To reduce risks of substance abuse and foster a healthier, more resilient future healthcare workforce, the following actions are recommended to policy makers and public health advocates:
Recommendation | Expected Outcome | Example / Implementation |
Integrate self-awareness with knowledge and education in student programs | Foster beliefs that positively influence students' behaviour | The Self-Awareness Intervention Program (SAIP) is a five-day program that directs participants' attention inward, increases self-talk vigilance, and encourages understanding the self beyond external pressures.
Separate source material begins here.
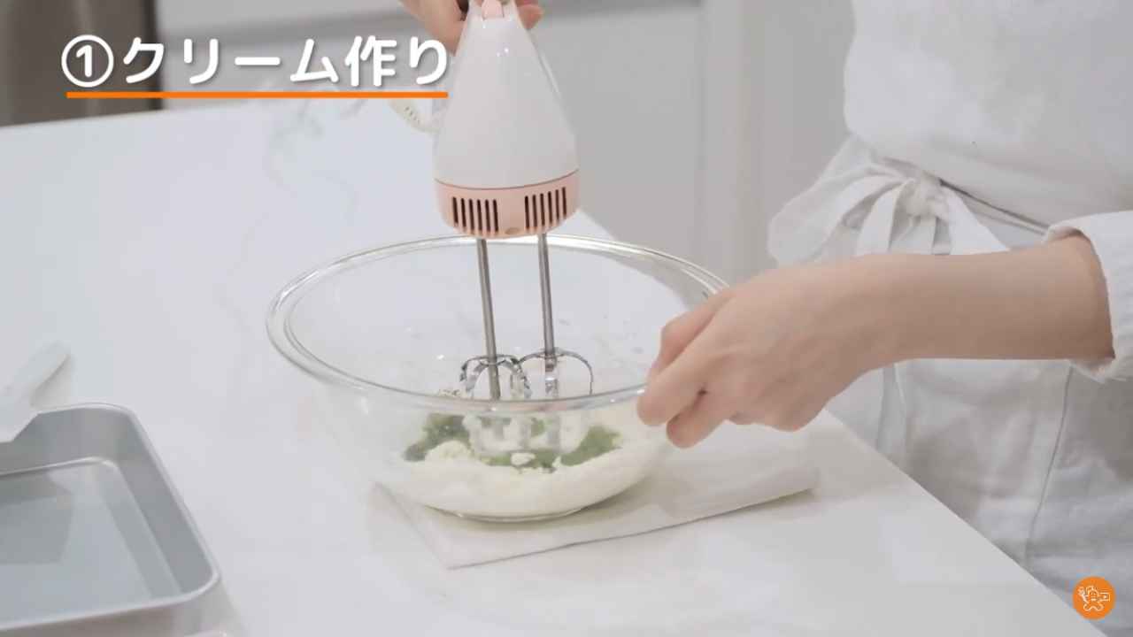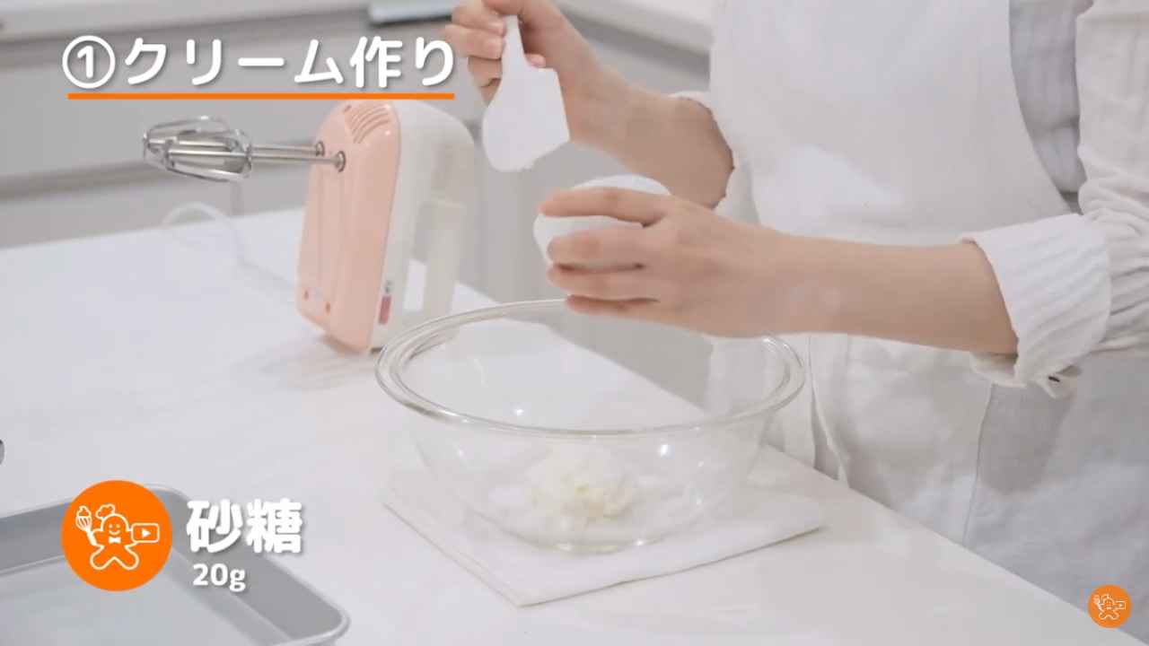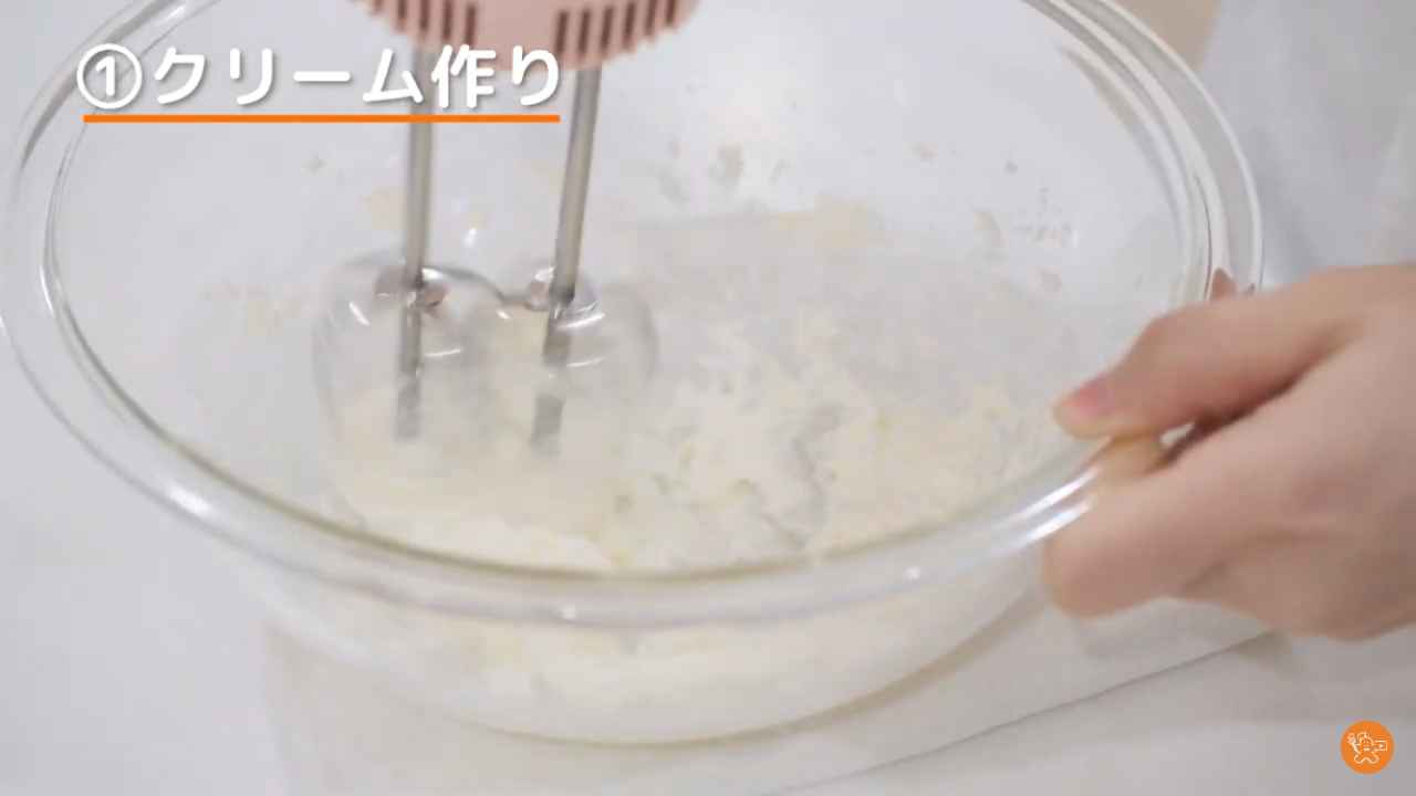 ボウルにクリームチーズと砂糖を入れて、ハンドミキサーで柔らかくする。

It resulted in significant improvements in well-being and self-awareness measures compared with those who didn't participate. |
Integrate digital platforms based on awareness principles, especially in stigma and judgment prone regions | Private, accessible, and personalised mental health care | The Foojan App is a telehealth platform delivering personalized, affordable, and accessible mental health support worldwide. It offers guided self-awareness journaling, skill-building videos, and professional psychotherapy/coaching, helping users make measurable improvements in life domains. |
Include stress-reduction and wellness practices within educational programs | Help healthcare students manage stress effectively. | Rajiv Ghandi University of Health and Sciences, India, implements mandatory programs including yoga and mindfulness practices for healthcare students. |
Incorporate knowledge of the neurobiological mechanisms underlying substance use disorder (SUD) risk factors into educational and treatment strategies | Improved, neuroscience-informed prevention and treatment of SUD | While there is a lack in global programs integrating neuroscience fully into substance use treatment, a neuroscience-informed framework based on the Research Domain Criteria (RDoC) has been proposed to classify and guide prevention interventions by targeting neurocognitive processes underlying substance use risk. |
Finally, healthcare providers are the guardians of our well-being. When we protect their health, we protect us all. To build resilient healthcare systems that uphold the ethical and professional standards of this noble profession, we must ask: who is taking care of the future caregivers? finding the right answers will ultimately enhance their ability to deliver safe, compassionate, and effective care to their patients.